Stored entries
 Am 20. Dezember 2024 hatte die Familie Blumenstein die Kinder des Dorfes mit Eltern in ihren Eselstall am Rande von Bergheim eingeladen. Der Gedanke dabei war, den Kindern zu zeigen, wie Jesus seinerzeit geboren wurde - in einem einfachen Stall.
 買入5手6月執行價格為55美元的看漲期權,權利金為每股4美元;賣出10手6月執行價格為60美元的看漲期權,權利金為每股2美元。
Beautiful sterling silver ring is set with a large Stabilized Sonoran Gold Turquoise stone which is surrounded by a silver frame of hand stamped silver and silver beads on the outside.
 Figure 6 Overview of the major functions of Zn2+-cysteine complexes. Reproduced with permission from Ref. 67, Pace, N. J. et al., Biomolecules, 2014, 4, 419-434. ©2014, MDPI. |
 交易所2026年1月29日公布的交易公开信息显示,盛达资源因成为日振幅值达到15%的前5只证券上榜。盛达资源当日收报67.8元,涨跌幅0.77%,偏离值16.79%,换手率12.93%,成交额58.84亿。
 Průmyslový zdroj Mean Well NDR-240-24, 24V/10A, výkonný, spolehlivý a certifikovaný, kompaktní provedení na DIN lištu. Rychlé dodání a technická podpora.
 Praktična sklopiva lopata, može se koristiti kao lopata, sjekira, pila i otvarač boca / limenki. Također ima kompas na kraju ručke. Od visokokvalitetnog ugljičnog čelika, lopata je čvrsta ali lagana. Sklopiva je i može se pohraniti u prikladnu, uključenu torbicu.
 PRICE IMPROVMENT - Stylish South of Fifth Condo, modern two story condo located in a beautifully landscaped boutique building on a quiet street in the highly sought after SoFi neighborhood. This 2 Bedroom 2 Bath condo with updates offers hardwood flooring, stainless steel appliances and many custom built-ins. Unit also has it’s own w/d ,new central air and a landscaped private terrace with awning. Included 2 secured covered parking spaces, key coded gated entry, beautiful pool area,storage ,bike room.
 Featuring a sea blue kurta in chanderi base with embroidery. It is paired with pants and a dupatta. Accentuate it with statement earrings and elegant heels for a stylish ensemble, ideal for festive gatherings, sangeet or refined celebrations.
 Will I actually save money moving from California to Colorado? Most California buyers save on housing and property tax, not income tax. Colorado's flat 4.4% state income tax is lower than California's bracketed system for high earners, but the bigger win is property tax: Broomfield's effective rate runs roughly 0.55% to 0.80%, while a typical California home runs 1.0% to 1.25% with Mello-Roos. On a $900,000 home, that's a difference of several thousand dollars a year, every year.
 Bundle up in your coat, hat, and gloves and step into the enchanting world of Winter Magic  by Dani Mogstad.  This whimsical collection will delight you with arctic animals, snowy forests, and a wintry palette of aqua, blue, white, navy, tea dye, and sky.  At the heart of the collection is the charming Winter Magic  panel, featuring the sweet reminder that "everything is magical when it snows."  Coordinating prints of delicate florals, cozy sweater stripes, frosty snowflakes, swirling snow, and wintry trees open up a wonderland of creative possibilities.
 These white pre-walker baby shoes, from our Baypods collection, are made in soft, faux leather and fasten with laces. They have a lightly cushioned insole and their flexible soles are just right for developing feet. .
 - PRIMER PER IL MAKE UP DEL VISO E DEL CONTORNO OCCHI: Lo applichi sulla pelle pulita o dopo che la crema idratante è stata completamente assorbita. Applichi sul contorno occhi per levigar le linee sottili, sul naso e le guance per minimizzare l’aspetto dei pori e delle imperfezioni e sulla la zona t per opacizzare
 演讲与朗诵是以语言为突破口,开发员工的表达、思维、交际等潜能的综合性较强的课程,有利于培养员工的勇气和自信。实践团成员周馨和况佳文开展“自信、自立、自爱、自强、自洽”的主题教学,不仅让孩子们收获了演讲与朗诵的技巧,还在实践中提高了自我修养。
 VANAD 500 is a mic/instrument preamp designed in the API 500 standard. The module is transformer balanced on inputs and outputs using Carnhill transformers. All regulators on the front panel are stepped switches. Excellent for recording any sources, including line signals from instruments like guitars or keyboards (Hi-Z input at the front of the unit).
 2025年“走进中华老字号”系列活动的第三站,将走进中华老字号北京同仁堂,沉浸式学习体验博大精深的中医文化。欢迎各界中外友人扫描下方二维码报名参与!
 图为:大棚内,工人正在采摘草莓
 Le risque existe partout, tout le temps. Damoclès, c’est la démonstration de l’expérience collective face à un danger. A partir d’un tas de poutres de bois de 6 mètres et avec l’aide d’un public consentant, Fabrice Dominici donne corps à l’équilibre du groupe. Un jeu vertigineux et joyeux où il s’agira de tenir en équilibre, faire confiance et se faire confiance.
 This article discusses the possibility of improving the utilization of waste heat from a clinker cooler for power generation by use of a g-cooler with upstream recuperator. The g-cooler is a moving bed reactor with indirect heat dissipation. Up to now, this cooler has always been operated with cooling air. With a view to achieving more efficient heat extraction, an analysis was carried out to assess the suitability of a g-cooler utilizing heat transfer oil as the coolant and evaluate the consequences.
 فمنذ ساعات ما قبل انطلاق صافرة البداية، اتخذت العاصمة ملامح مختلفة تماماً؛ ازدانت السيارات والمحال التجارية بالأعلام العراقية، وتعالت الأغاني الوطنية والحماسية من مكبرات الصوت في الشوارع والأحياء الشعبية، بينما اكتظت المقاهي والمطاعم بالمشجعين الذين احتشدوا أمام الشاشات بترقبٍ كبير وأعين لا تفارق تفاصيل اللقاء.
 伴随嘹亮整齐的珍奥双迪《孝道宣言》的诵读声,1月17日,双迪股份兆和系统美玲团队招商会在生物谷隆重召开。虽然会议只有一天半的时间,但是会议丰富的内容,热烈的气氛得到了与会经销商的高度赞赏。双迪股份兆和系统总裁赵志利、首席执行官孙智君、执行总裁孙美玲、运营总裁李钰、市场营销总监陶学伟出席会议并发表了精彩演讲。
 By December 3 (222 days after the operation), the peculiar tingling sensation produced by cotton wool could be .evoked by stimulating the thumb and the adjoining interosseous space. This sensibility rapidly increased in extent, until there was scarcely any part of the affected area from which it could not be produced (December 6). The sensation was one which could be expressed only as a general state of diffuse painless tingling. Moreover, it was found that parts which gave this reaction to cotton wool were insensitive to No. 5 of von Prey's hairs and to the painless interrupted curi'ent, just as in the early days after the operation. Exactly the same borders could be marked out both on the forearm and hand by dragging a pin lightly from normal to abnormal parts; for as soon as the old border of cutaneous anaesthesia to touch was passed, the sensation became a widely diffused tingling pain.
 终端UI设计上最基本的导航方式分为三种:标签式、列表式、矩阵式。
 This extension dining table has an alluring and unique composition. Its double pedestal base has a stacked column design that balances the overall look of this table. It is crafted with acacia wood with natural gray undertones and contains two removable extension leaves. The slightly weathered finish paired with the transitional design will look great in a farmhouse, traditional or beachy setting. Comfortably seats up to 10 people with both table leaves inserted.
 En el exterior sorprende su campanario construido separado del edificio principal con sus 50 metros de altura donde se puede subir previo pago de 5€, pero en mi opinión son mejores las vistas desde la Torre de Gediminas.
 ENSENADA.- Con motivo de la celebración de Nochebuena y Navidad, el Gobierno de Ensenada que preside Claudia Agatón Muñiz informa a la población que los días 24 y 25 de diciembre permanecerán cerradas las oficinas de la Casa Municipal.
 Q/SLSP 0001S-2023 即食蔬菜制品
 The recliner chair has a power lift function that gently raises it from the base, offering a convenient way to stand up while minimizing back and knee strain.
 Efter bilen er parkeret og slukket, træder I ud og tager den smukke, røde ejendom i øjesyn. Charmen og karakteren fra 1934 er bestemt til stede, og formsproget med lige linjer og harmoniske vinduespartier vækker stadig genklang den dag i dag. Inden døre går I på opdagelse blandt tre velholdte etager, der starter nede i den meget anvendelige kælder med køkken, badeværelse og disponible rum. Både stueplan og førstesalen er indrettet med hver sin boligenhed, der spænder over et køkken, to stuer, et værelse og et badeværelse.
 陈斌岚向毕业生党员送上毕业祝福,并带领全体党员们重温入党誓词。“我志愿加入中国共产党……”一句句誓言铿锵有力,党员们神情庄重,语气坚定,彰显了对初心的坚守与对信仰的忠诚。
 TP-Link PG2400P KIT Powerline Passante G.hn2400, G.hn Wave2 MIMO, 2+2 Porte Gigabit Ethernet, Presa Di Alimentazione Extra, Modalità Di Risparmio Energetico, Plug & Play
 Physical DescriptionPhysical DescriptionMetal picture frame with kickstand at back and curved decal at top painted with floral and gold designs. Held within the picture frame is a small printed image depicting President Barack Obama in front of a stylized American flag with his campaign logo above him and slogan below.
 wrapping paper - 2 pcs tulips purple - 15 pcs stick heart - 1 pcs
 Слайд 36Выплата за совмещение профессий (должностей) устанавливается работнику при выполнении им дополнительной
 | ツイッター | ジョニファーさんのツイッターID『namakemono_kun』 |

### Your task:
Each line that includes the string "while" should be copied from the data.

### Result for this task:
 Will I actually save money moving from California to Colorado? Most California buyers save on housing and property tax, not income tax. Colorado's flat 4.4% state income tax is lower than California's bracketed system for high earners, but the bigger win is property tax: Broomfield's effective rate runs roughly 0.55% to 0.80%, while a typical California home runs 1.0% to 1.25% with Mello-Roos. On a $900,000 home, that's a difference of several thousand dollars a year, every year.
 The recliner chair has a power lift function that gently raises it from the base, offering a convenient way to stand up while minimizing back and knee strain.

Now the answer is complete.